● PROBLEM DETAILS: In the listing below, find the line containing "龙头岩是200万年前熔岩喷发" and the line containing "04月02日,创兴资源收报4". Repeat exactly those two lines and every line between them.

● RECORDS TO USE:
■ ■ ■ ■
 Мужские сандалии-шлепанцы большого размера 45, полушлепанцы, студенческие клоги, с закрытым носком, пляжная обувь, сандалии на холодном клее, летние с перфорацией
■ ■ ■ ■
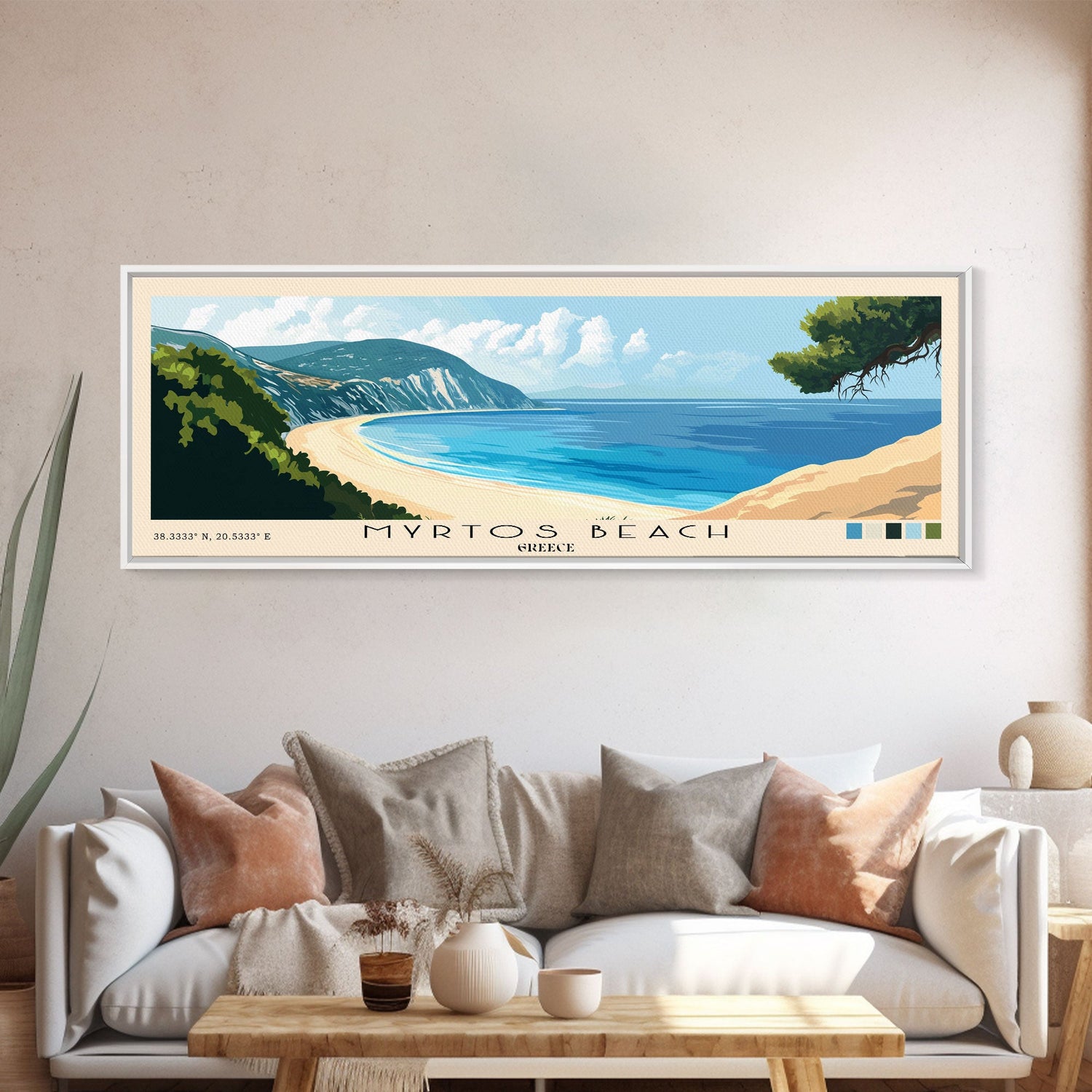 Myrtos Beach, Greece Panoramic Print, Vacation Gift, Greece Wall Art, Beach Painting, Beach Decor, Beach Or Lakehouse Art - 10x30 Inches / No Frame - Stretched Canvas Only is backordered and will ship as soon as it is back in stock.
■ ■ ■ ■
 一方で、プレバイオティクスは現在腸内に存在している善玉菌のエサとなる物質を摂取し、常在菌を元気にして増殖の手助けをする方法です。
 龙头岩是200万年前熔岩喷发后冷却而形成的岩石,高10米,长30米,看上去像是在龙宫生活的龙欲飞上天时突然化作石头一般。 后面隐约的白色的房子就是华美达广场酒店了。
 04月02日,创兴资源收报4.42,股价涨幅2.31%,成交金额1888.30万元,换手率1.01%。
■ ■ ■ ■
● ANSWER BELOW:
 龙头岩是200万年前熔岩喷发后冷却而形成的岩石,高10米,长30米,看上去像是在龙宫生活的龙欲飞上天时突然化作石头一般。 后面隐约的白色的房子就是华美达广场酒店了。
 04月02日,创兴资源收报4.42,股价涨幅2.31%,成交金额1888.30万元,换手率1.01%。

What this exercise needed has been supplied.